This article originally appeared at the website of the Economic Policy Institute.
Tonight President Obama will deliver his State of the Union address, which gives him an opportunity to lay out his priorities and set an agenda for the year ahead.
At the Economic Policy Institute (EPI), we have argued that raising wages is the central economic challenge. It is terrific news that the president will address wage stagnation in his speech. After a year of strong job creation but continued stagnant wage growth, many economists and commentators—not to mention the American people—are beginning to focus on wages. Even the new GOP-controlled Congress is paying lip service to the middle class squeeze (but is offering no program to address these challenges). So we are now entering into a great debate about what can be done to raise wages. Ross Eisenbrey and I offered our solutions in a recent interview in The New Republic.
Given congressional obstruction, the president has done his best to address our most pressing economic challenges through executive action:
- He has taken steps to regularize our undocumented workforce, which means that U.S. workers won’t be undercut by easily exploited immigrant labor.

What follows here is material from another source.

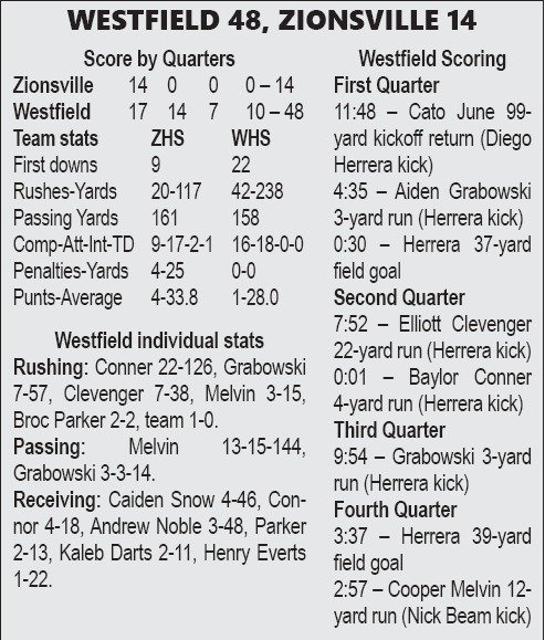 Westfield broke away from Zionsville after a tight first quarter and rolled to a 48-14 semifinal victory in Class 6A Sectional 3 Friday, Oct. 31 at Riverview Health Stadium.
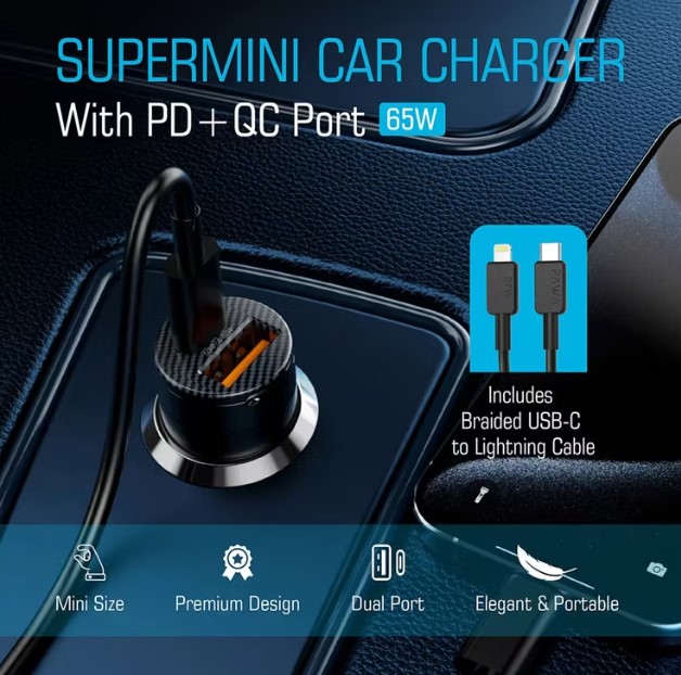 Pawa Supermini 65W Dual Port Car Charger with PD & QC Ports + Braided Type-C to Lightning Cable (PW-PDTCN65L)

- He strengthened labor standards among federal contractors by raising the minimum wage they must pay to $10.10 an hour, making it illegal for them to punish employees for discussing their wages (i.e., transparency that will erode gender and race discrimination), saying that employers who repeatedly violate labor laws will not win any more federal contracts, and banning forced arbitration (which limits workers’ ability to access the courts to remedy wage theft and discrimination).
- He directed the Labor Department to raise the salary threshold under which all workers are guaranteed overtime, which could provide more than six million workers such protections.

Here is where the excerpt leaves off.